Still working on the peak height, width, valley measurements on surfactant protein D dodecamer grayscale values using AFM images.  Just thought this was an interesting way to show both the signal processing divisions for peaks, as well as the more subjective estimation (also from peak counts of image and signal processing peak numbers) division into sections. N peak center, either side, glycosylation peak(s), next is a long lumpy section (dark green), a reasonably consistent tiny low peak (pink), and a broader peak before the presumed neck coiled section (white), the likely neck domain (yellow) and the CRD (orange).  These measurements are taken from the N term outwards in two directions to the respective CRD of hexamers.  Two hexamers are measured separately, though mirrored and identical (theoretically) in all for trimeric arms.

This particular ridge plot is from molecule 80 (my designation number, as collected mostly from images found in Arroyo et al), and light gray lines along the plot lengths for each of the two hexamers are the divisions found by octave’s ipeak.m program using M80 as the amplitude and smoothing settings (unbiased).  These come close in this randomly selected image to fitting the 15 peak per hexamer consensus found previously. Color divisions are mine (educated bias), made to approximate the 15 peak per hexamer findings as well as my observations on the AFM images.

An obvious deviation is the unusually tall (bright) peak on the left side of the top hexamer at the domain of the CRD, and just as unusual is the low (less bright peak) on the left side of the bottom hexamer.  In other respects this molecjule (number 80) is very close to the means found for the first four dodecamers posted on this site.

Four dodecamers: CRD peak-valley grayscale values

same MO. See from bottom image that just one of the dodecamers (number 42a_aka_44)  had any missing values, and then just 1. So the separate sum (172 with and without that one missing value) is listed in the top image, along with the summary of just the means of the four dodecamers calculated separately) and the single dodecamer with one missing value is the very bottom set of valley parameters.

Four dodecamers: values for the valleys of peak 5

SP-D peak widths, heights and valley values for four dodecamers. These are the data for peak 5. (count begins with peak 1 as the N term peak and moves toward the CRD, each for trimers.

When there are peaks which are “not detected” a value of 0 was used, and data were plotted both ways, i.e. with the non-detected and eliminating the non-detected). The pattern was applied to all peaks as one dataset, and to individual dodecamers (N=4) – see bottom image.

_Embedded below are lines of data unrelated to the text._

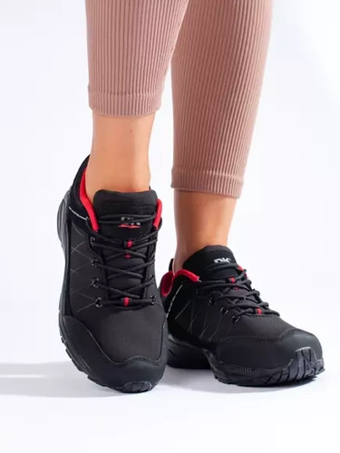 Buty trekkingowe damskie DK Waterproof czarne z czerwonymi wstawkami
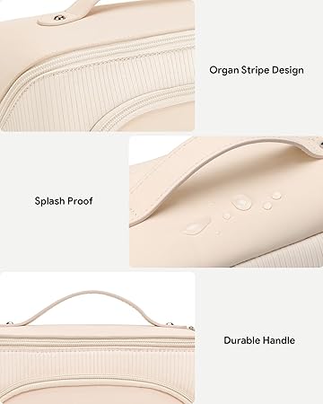 - Structured Design, Enhanced Protection: Are you worried that fragile cosmetics are not adequately protected? We have the solution for you. Crafted from high-quality PU leather and soft striped fabric, the bag maintains its shape without collapsing. The built-in padded sponge layer offers extra shock absorption to protect your fragile cosmetics during travel.
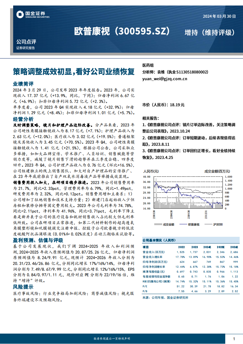 2023年,公司在复杂市场环境下实现了收入和归母净利润的稳健增长,尤其第四季度业绩显著回升,显示出公司在产品策略调整和市场推广方面的积极成效。硬性角膜接触镜销售下滑趋势得到遏制并实现回升,护理产品也通过线上渠道和新品推出实现边际改善。尽管销售费用投入加大导致毛利率和净利率有所承压,但公司在研项目稳步推进,为未来增长奠定基础。分析师下调了短期盈利预测但仍维持“增持”评级,表明对公司长期发展潜力持乐观态度。然而,投资者仍需密切关注医疗事故、行业竞争、商誉减值以及视光服务终端建设等潜在风险。
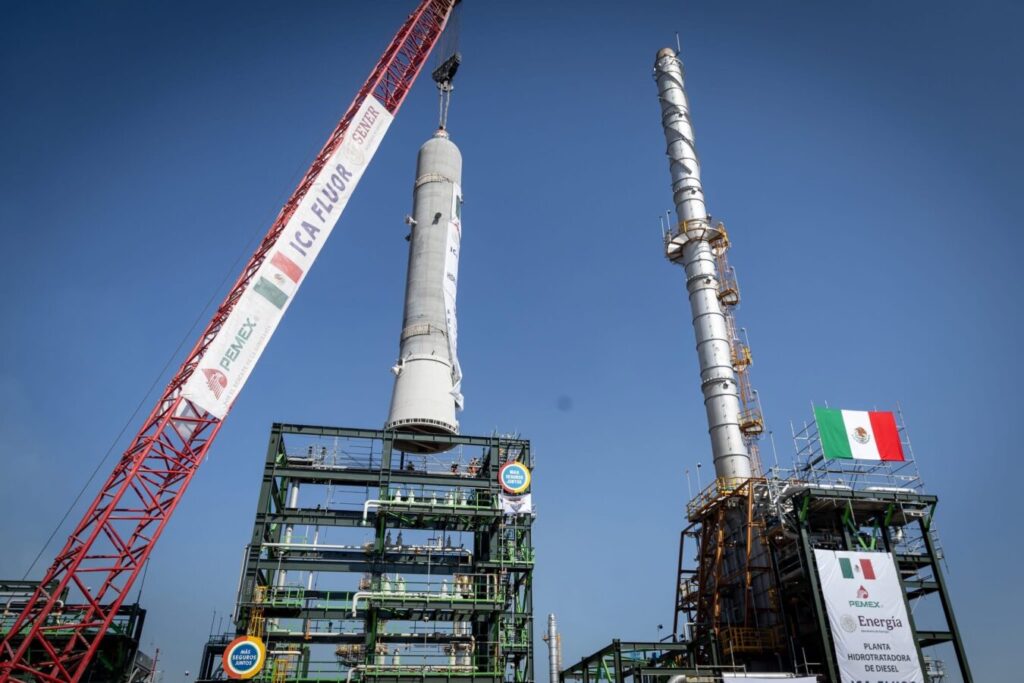 La presidenta de México, Claudia Sheinbaum Pardo, supervisó la colocación de un reactor hidrodesulfurizador de naftas como parte de la modernización de la Refinería de Tula, obra que forma parte de la inversión en ocho refinerías del país y que, de acuerdo con el Gobierno de México, ha permitido a Petróleos Mexicanos recuperar una producción superior al millón de barriles diarios.
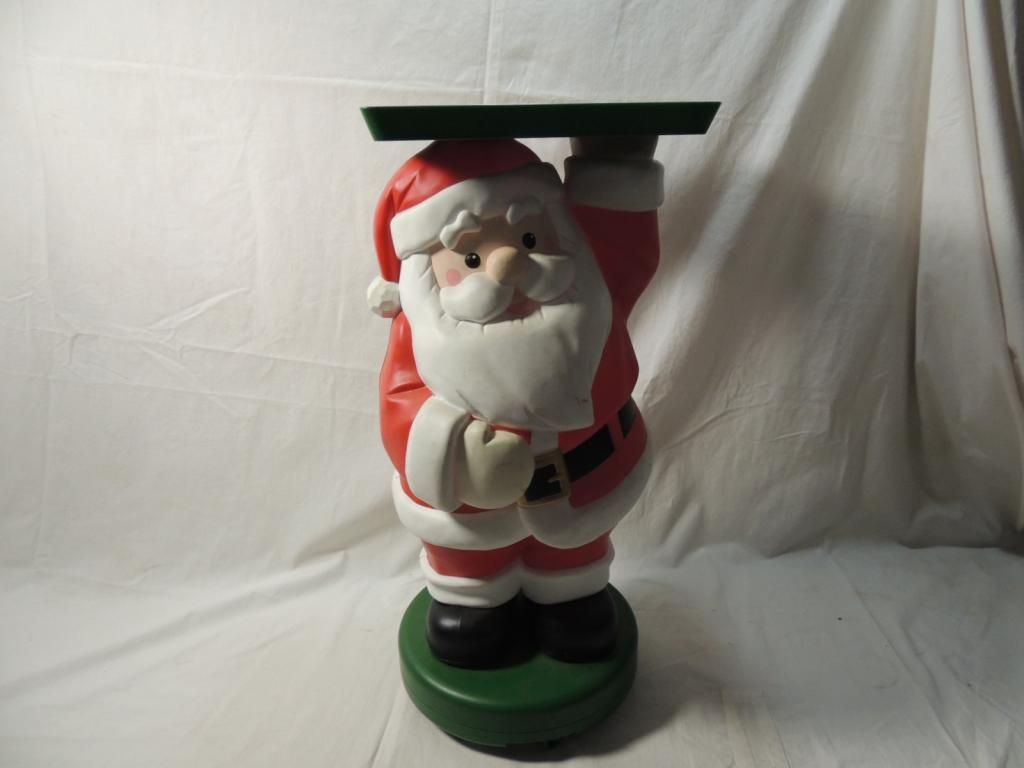 MOVING STANDING SERVING TRAY. MISSING REMOTE. APROX 22" TALL. SANTA STATUE WITH TRAY. AS SHOWN. SEE PHOTO FOR MORE DETAILS.

Four dodecamers: peak 4 “valley” grayscale values

The peak just lateral (remember going to the right and the left of the N term peak with peak 1 being counted as the center N term peak), peak 4 is a very consistent finding with image and signal processing. You can see top image shows that only once in 172 plots of trimers was there no detection of peak 4. Means and other data are shown both ways. The image just below that is the mean grayscale valley value for peak 4, calculated as an N of the number of dodecamers examined, and the N of plots is not the same in the dodecamers, but each dodecamer is given the same weight in those means and SD.  With and without the single missing value in one dodecamer, means are very close, that is grayscale value of 112. The third image down shows the mean grayscale value for the peak 4 valley for each of the four dodecamers individually (these were used for the means shown in the second image from the top). Lastly the single dodecamer where a single peak 4 was missing is shown at very bottom).

Four dodecamers: glycosylation peak valley

Grayscale values(0-255) the y axis. Glycosylation peak was detected by image and signal processing algorithms 100% of the time, so there is a single value recorded for the valley (immediately lateral to the “tiny” peak – keeping in mind that this molecule has bilateral symmetry beginning in the center at the N termini junction peak. so many images of this molecule have been posted on this blog that they shape of the AFM images is easy to see.